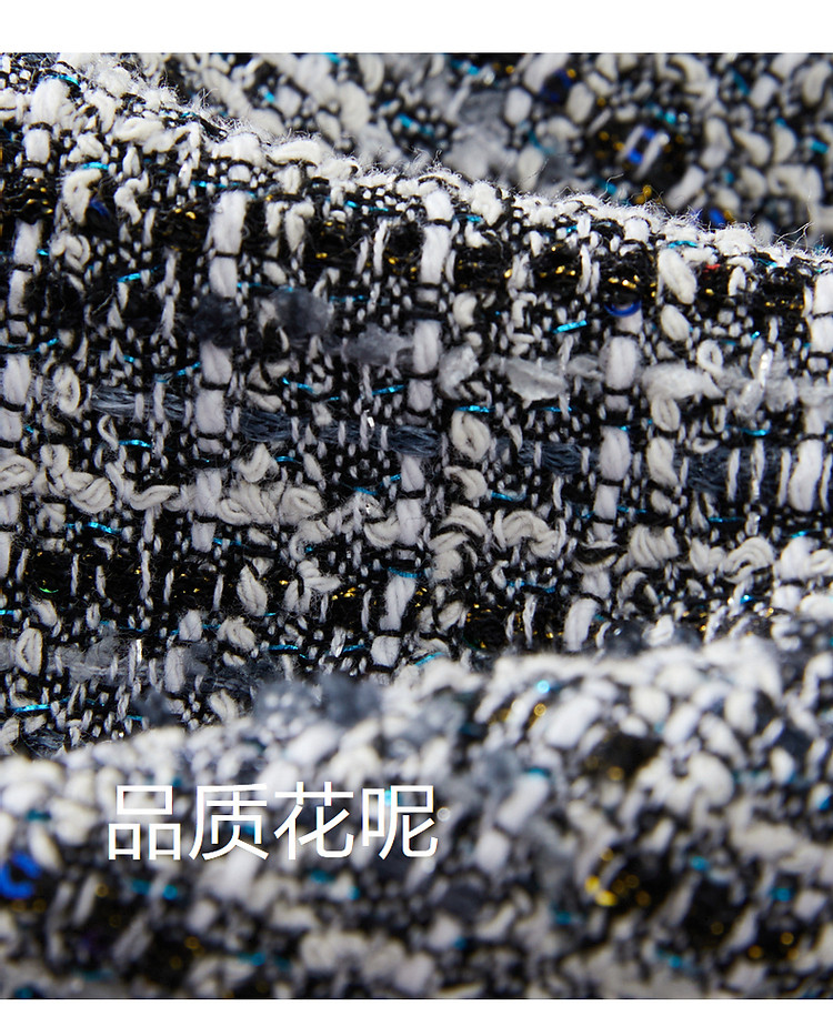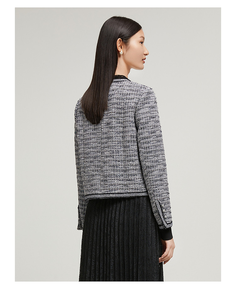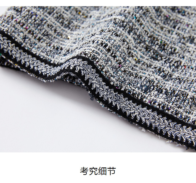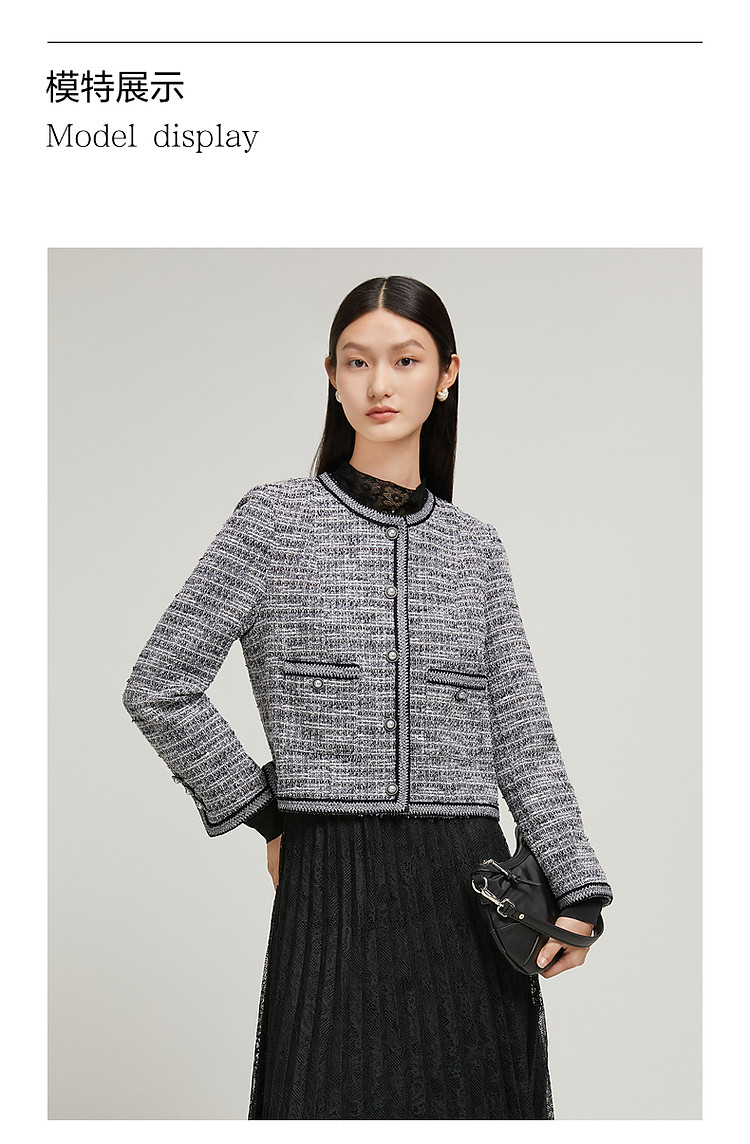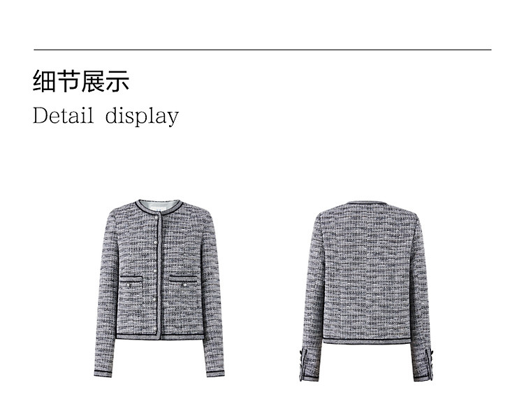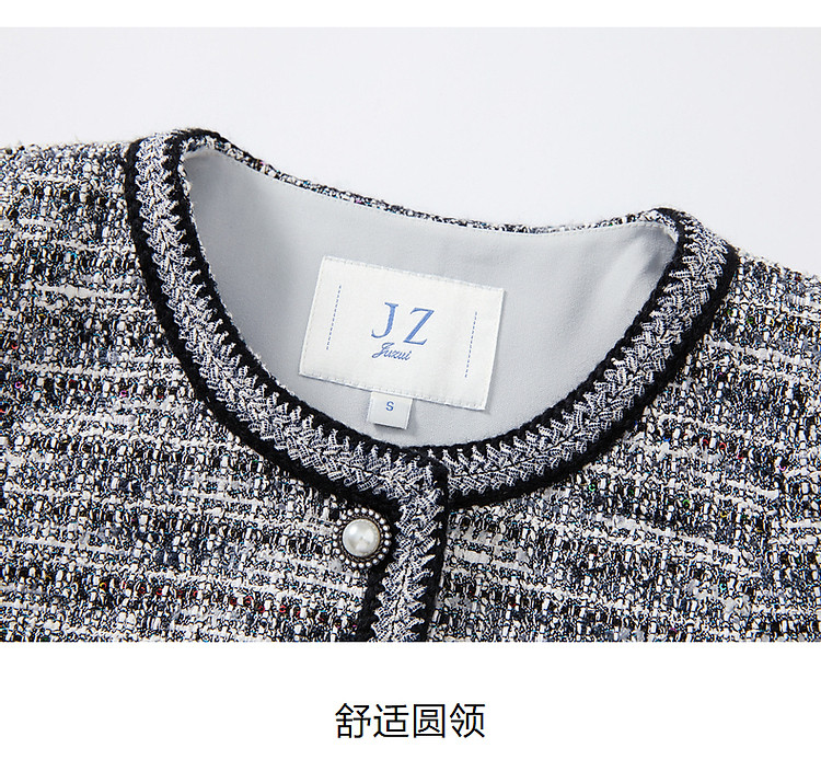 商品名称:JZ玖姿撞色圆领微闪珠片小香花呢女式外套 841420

--

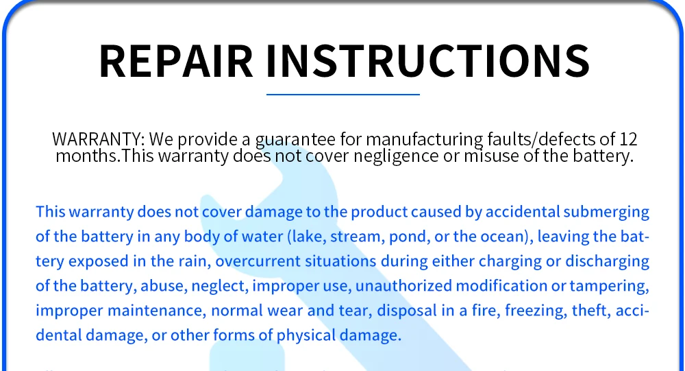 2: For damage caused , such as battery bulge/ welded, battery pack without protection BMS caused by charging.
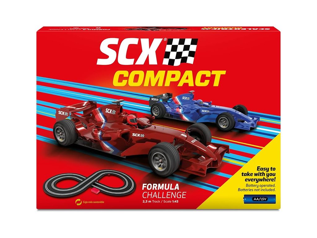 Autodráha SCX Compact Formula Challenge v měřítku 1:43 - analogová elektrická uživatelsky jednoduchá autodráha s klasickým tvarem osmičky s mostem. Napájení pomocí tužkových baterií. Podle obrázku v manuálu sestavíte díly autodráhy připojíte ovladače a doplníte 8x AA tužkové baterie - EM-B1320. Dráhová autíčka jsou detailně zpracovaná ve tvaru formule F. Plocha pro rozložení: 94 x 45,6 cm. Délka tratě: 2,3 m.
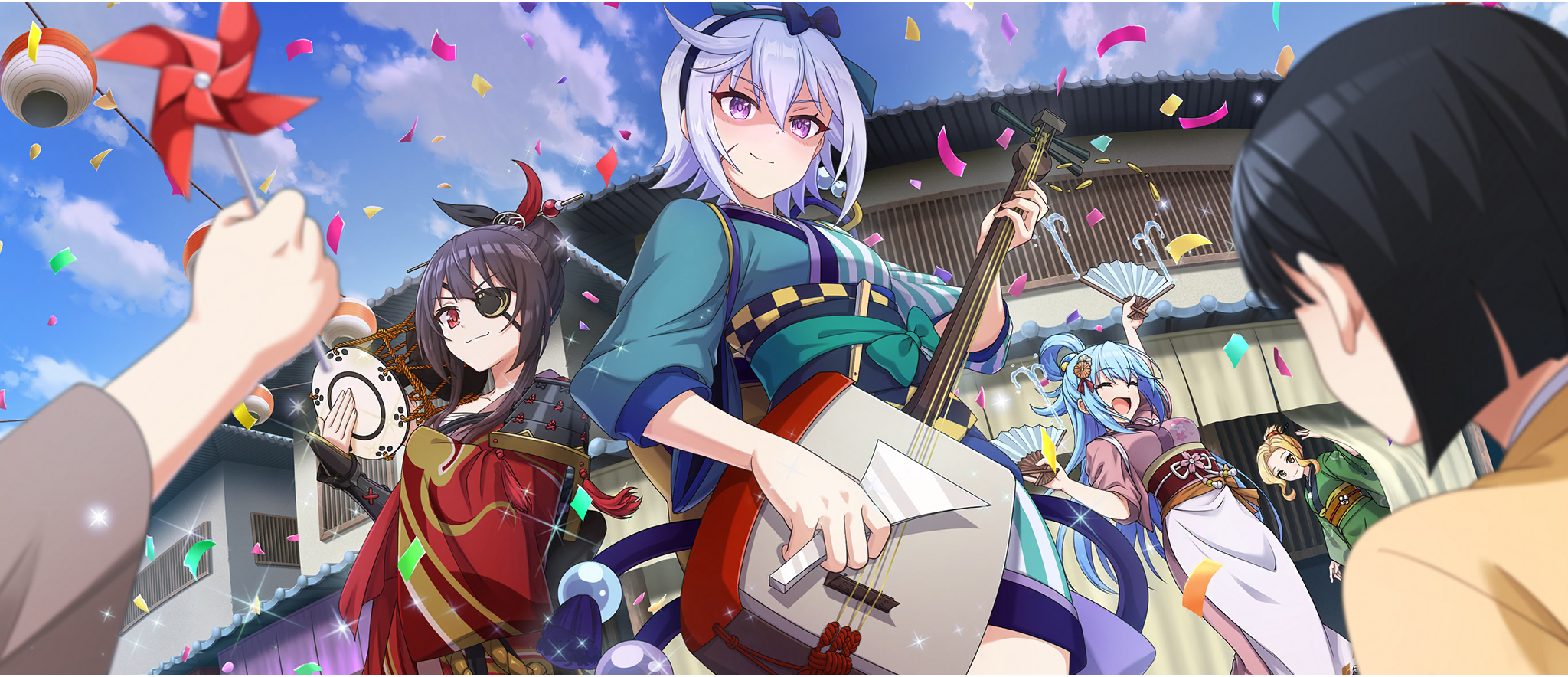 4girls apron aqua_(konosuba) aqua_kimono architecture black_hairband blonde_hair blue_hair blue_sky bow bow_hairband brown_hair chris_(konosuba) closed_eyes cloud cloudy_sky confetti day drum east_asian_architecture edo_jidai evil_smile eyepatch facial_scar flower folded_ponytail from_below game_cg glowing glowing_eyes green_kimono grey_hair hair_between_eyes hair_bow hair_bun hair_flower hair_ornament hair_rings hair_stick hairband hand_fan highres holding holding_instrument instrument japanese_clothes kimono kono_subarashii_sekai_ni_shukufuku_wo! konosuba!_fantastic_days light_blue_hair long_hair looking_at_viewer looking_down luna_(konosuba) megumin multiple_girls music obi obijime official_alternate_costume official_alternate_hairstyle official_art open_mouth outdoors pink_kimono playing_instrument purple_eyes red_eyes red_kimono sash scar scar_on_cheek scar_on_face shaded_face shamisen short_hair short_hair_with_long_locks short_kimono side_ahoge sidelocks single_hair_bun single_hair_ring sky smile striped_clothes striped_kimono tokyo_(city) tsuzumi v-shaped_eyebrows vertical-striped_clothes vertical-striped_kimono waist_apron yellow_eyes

--

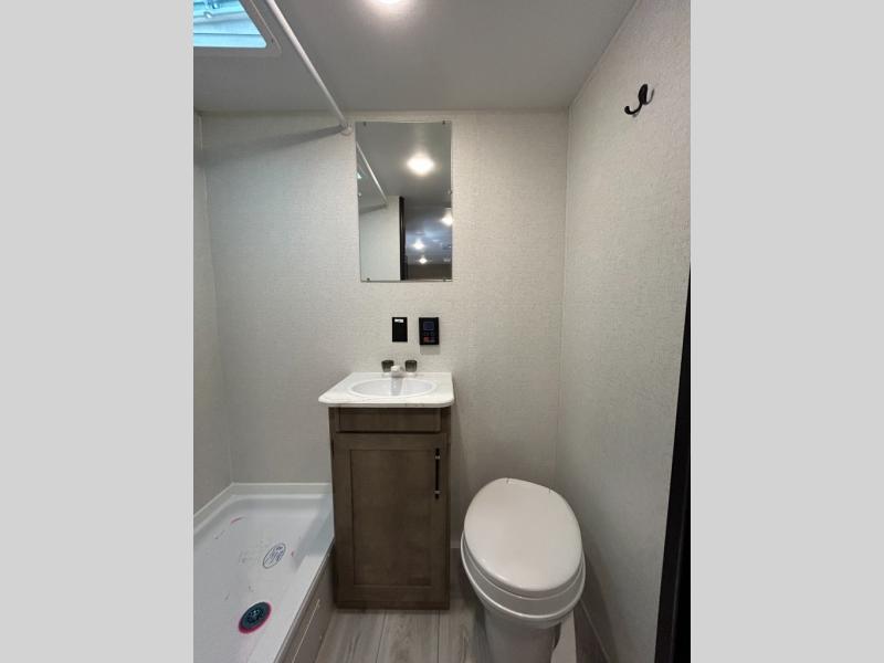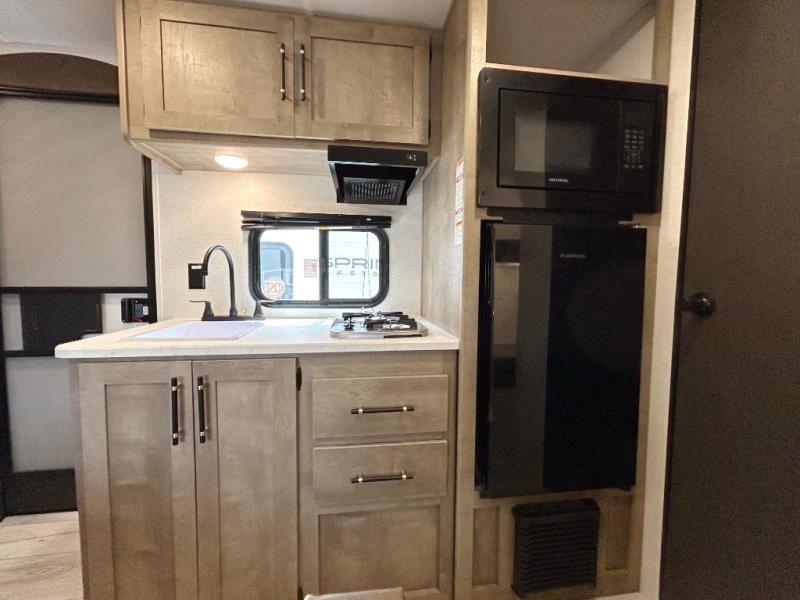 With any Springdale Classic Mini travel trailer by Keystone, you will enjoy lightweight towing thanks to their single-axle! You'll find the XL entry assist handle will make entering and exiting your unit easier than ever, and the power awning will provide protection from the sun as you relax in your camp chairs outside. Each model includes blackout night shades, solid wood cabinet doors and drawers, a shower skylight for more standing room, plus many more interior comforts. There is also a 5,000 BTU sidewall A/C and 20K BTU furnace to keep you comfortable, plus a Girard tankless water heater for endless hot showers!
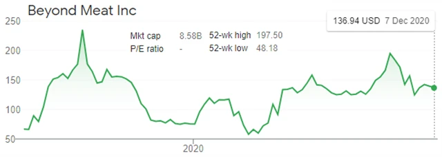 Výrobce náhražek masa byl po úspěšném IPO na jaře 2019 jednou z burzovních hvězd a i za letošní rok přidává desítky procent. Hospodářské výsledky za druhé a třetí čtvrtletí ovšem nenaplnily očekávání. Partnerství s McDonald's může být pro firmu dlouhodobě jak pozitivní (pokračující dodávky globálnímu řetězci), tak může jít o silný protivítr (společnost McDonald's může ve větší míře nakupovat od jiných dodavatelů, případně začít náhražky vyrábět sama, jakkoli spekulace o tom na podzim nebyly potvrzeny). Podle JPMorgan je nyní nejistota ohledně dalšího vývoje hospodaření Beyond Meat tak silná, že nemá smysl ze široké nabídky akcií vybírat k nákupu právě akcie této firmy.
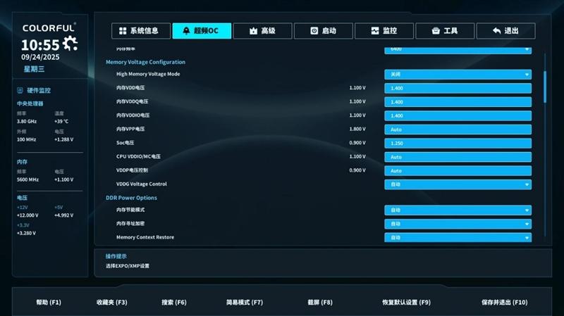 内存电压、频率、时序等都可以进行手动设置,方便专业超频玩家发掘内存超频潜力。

THE TASK: Reproduce word for word, with pictures dropped, only the part of the material above that opens with the line containing "With any Springdale" and closes with the line containing "内存电压、频率、时序等都可以进行手动设置,方便专业超频玩家发掘内存超频潜力。".

TASK ANSWER:
 With any Springdale Classic Mini travel trailer by Keystone, you will enjoy lightweight towing thanks to their single-axle! You'll find the XL entry assist handle will make entering and exiting your unit easier than ever, and the power awning will provide protection from the sun as you relax in your camp chairs outside. Each model includes blackout night shades, solid wood cabinet doors and drawers, a shower skylight for more standing room, plus many more interior comforts. There is also a 5,000 BTU sidewall A/C and 20K BTU furnace to keep you comfortable, plus a Girard tankless water heater for endless hot showers!
 Výrobce náhražek masa byl po úspěšném IPO na jaře 2019 jednou z burzovních hvězd a i za letošní rok přidává desítky procent. Hospodářské výsledky za druhé a třetí čtvrtletí ovšem nenaplnily očekávání. Partnerství s McDonald's může být pro firmu dlouhodobě jak pozitivní (pokračující dodávky globálnímu řetězci), tak může jít o silný protivítr (společnost McDonald's může ve větší míře nakupovat od jiných dodavatelů, případně začít náhražky vyrábět sama, jakkoli spekulace o tom na podzim nebyly potvrzeny). Podle JPMorgan je nyní nejistota ohledně dalšího vývoje hospodaření Beyond Meat tak silná, že nemá smysl ze široké nabídky akcií vybírat k nákupu právě akcie této firmy.
 内存电压、频率、时序等都可以进行手动设置,方便专业超频玩家发掘内存超频潜力。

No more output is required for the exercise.